Questa, fra le altre, la principale ispirazione per il ritorno del duo A Winged Victory For The Sullen, che tra commissioni per opere di danza contemporanea (“Atomos”, 2014) e colonne sonore cinematografiche (“Iris”, 2016) di fatto non aveva ancora dato seguito all’ormai lontano esordio omonimo. Ne è l’occasione anche il passaggio dalla joint venture tra Erased Tapes e Kranky all’etichetta crossover Ninja Tune, detentrice anch’essa di un roster sempre più nutrito e prestigioso.
Può sembrare una metafora forzata, ma “The Undivided Five” è la sostanziale riconferma di come Dustin O’Halloran e Adam Wiltzie si rendano i medium per l’odierna perpetuazione di insegnamenti secolari, a ridosso di un’altra grande rivoluzione espressiva quale fu il tardo romanticismo di Debussy – in questo ambito altri esponenti dell’ambient music si erano invece confrontati con il sinfonismo di Mahler (Matthew Herbert, Fennesz) e Wagner (Indignant Senility).
Cinque come le succitate accolite dell’esoterismo scandinavo, ma anche come l’intervallo di quinta giusta, anticamente attribuito al divino e al trascendente, e il suo opposto diabolico (quinta diminuita o aumentata). Così, ormai quasi del tutto emancipati dai tired sounds della storica compagine texana, AWVFTS affondano ancor più convintamente nelle tenere radici di un classicismo perduto e ritrovato, facendo tesoro della cruciale lezione del sodale Jóhann Jóhannsson rispetto all'integrazione fra strumentazione acustica e manipolazione elettronica.

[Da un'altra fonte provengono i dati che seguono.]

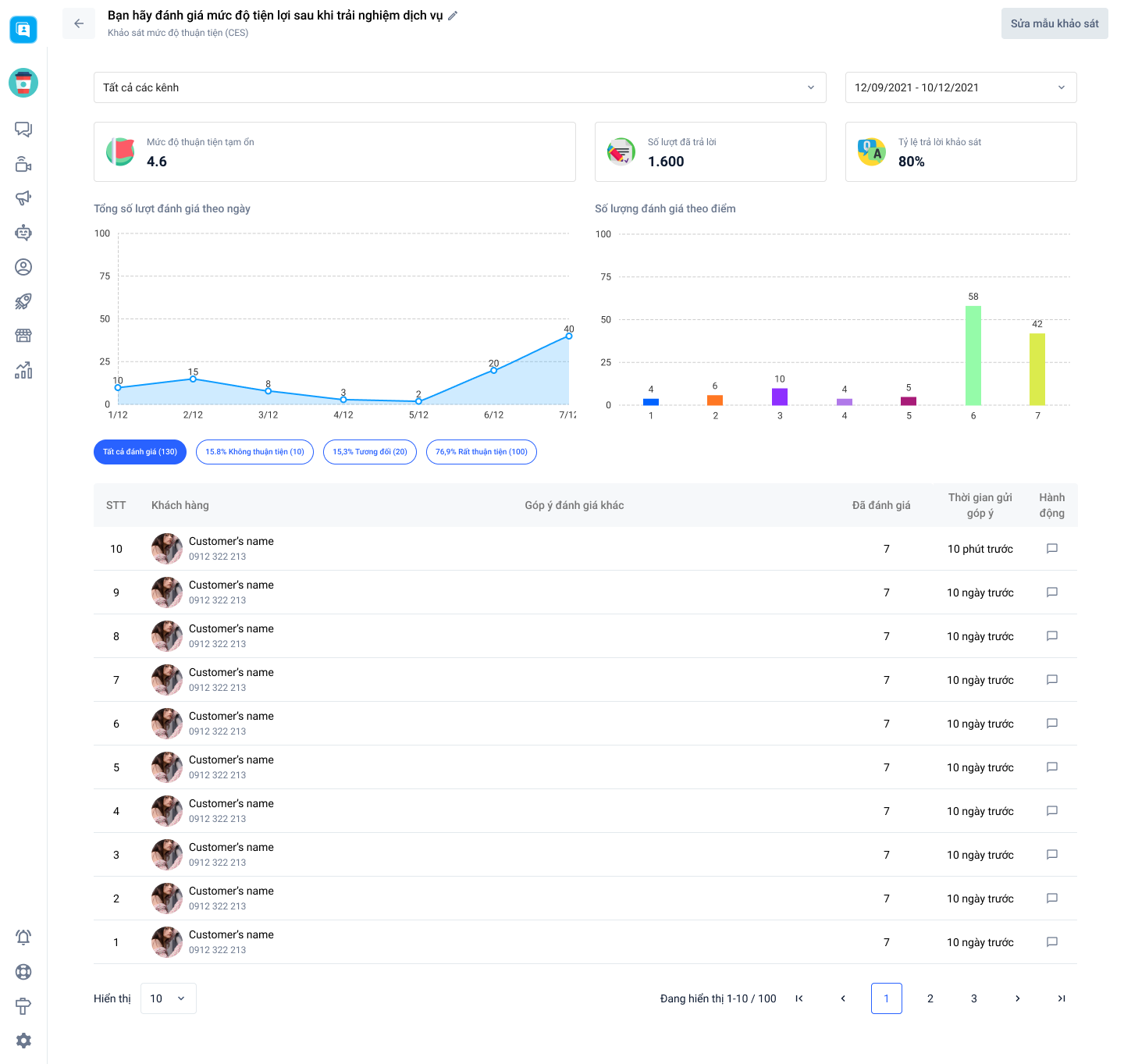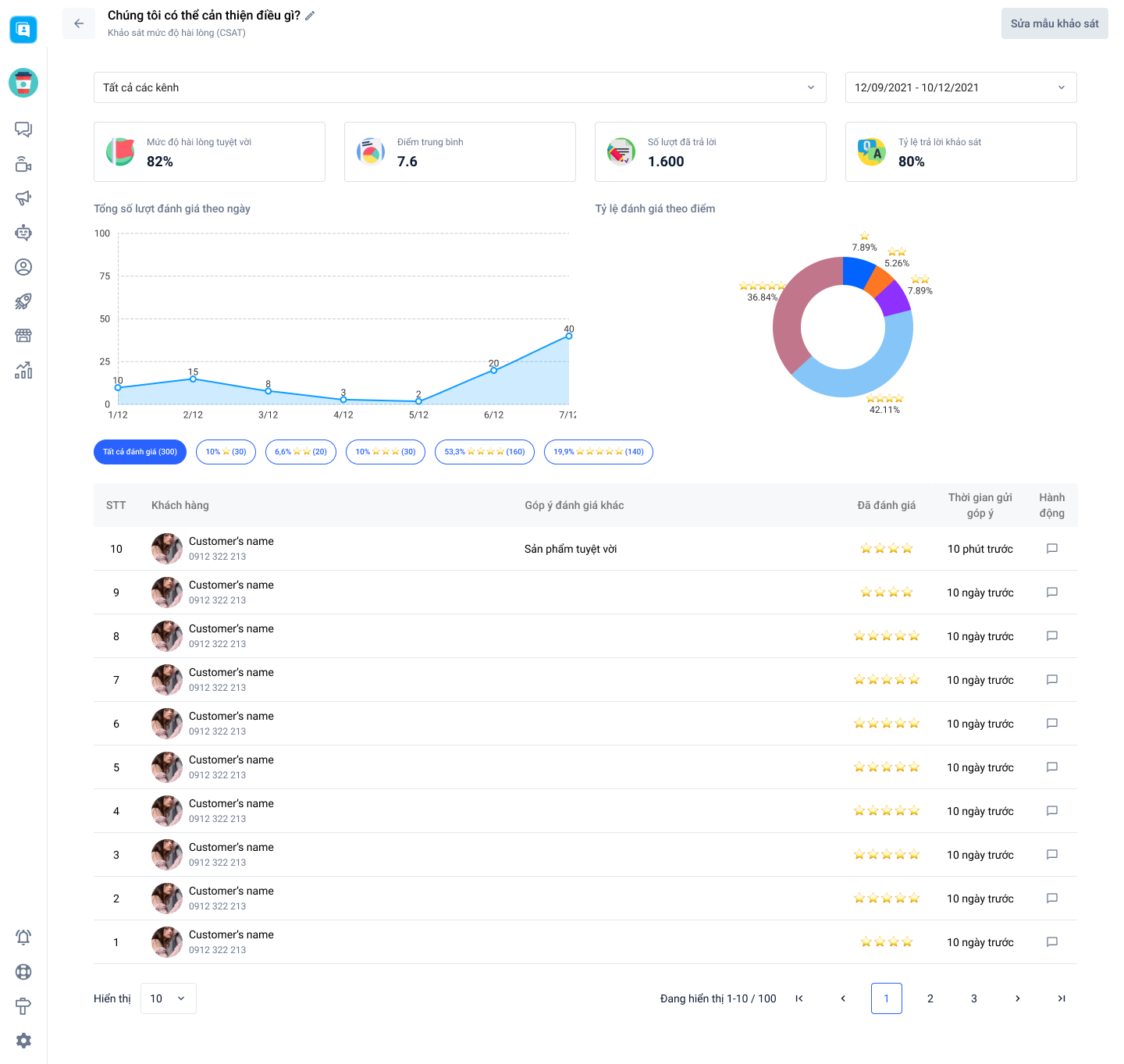 - Đo lường các chỉ số quan trọng như CSAT, NPS và CES.

E analogamente al maestro islandese scomparso un anno fa, nella stesura del duo permane il gusto per un “cinemascope” sonoro che abbraccia lo spazio circostante e lo ammanta di tinte sfumate eppure dense, sacrali e terrene, nell'umile ma costante anelito verso una nuova forma di sublime musicale.

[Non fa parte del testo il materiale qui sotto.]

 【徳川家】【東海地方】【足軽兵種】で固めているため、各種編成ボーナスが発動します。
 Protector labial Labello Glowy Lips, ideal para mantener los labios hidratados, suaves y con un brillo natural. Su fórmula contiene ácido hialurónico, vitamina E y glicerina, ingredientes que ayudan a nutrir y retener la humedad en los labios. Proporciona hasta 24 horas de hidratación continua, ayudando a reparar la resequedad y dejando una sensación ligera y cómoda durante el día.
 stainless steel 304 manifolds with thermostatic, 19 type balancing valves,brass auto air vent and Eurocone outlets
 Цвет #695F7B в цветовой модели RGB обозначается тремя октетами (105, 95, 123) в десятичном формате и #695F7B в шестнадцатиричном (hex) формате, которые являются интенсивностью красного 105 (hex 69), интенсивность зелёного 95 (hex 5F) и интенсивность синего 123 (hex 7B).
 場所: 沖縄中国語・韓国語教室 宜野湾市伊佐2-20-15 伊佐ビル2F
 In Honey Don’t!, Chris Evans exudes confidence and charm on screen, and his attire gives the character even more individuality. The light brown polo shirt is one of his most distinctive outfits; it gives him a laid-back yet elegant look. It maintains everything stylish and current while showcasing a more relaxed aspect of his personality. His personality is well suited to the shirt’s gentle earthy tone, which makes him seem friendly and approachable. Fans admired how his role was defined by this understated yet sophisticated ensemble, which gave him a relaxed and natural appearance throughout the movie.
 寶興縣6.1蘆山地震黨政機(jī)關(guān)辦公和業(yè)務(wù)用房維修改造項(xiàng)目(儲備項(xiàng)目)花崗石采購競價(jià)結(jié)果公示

Quand’anche la formula di O’Halloran e Wiltzie apparisse oggi derivativa e collaudata, essa è nondimeno il frutto di sensibilità complementari in grado di dettare il passo della nuova composizione d'atmosfera, all'estremo opposto del sottofondo neutro per rivendicare la centralità di un incorrotto texturing emozionale, riverbero ideale e concreto di un'eredità artistica transdisciplinare che sembra non abbia mai conosciuto altro linguaggio che quello dei sentimenti, ma entro una sfera inaccessibile ai più.